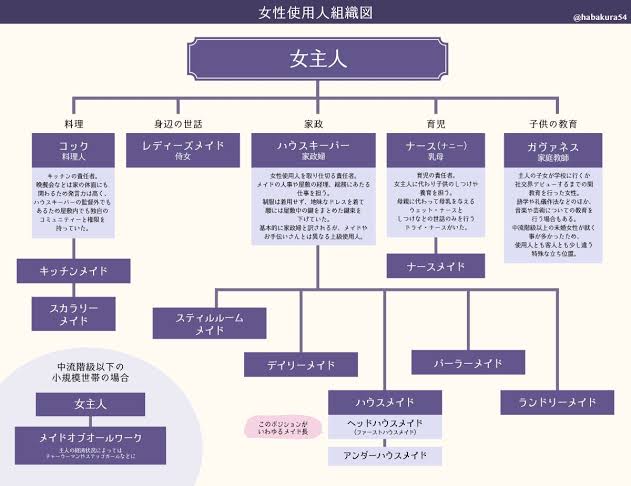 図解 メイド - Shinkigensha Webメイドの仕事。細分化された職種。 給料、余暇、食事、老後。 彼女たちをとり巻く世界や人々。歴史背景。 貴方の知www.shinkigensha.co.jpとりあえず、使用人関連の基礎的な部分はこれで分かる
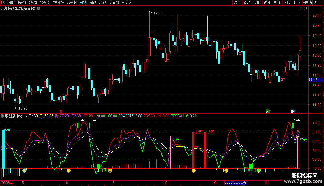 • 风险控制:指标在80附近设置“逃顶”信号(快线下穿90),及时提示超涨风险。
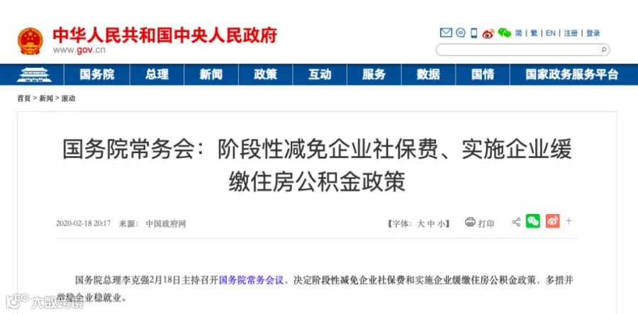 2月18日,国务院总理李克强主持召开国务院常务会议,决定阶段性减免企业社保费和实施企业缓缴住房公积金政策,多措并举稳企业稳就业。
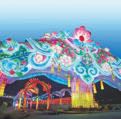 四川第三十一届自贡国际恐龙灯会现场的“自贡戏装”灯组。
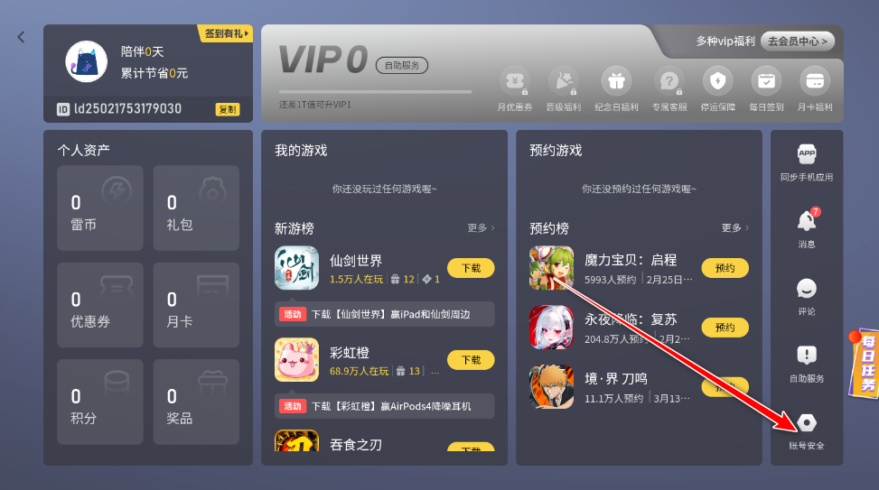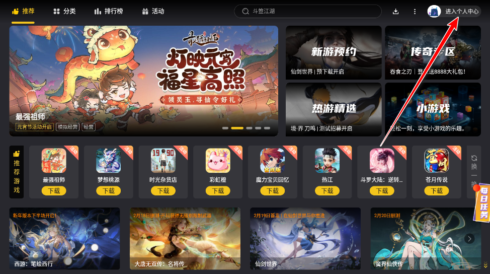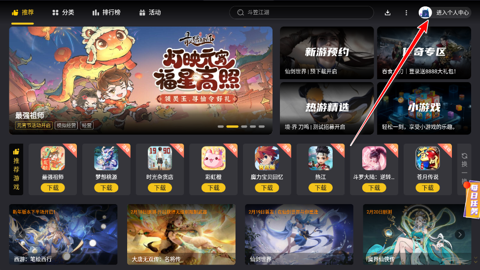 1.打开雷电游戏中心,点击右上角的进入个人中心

# # # # #

◆ REQUIRED ACTION ◆
Print the listing exactly, minus its pictures.

◆ THE COMPLETED TASK ◆
 図解 メイド - Shinkigensha Webメイドの仕事。細分化された職種。 給料、余暇、食事、老後。 彼女たちをとり巻く世界や人々。歴史背景。 貴方の知www.shinkigensha.co.jpとりあえず、使用人関連の基礎的な部分はこれで分かる
 • 风险控制:指标在80附近设置“逃顶”信号(快线下穿90),及时提示超涨风险。
 2月18日,国务院总理李克强主持召开国务院常务会议,决定阶段性减免企业社保费和实施企业缓缴住房公积金政策,多措并举稳企业稳就业。
 四川第三十一届自贡国际恐龙灯会现场的“自贡戏装”灯组。
 1.打开雷电游戏中心,点击右上角的进入个人中心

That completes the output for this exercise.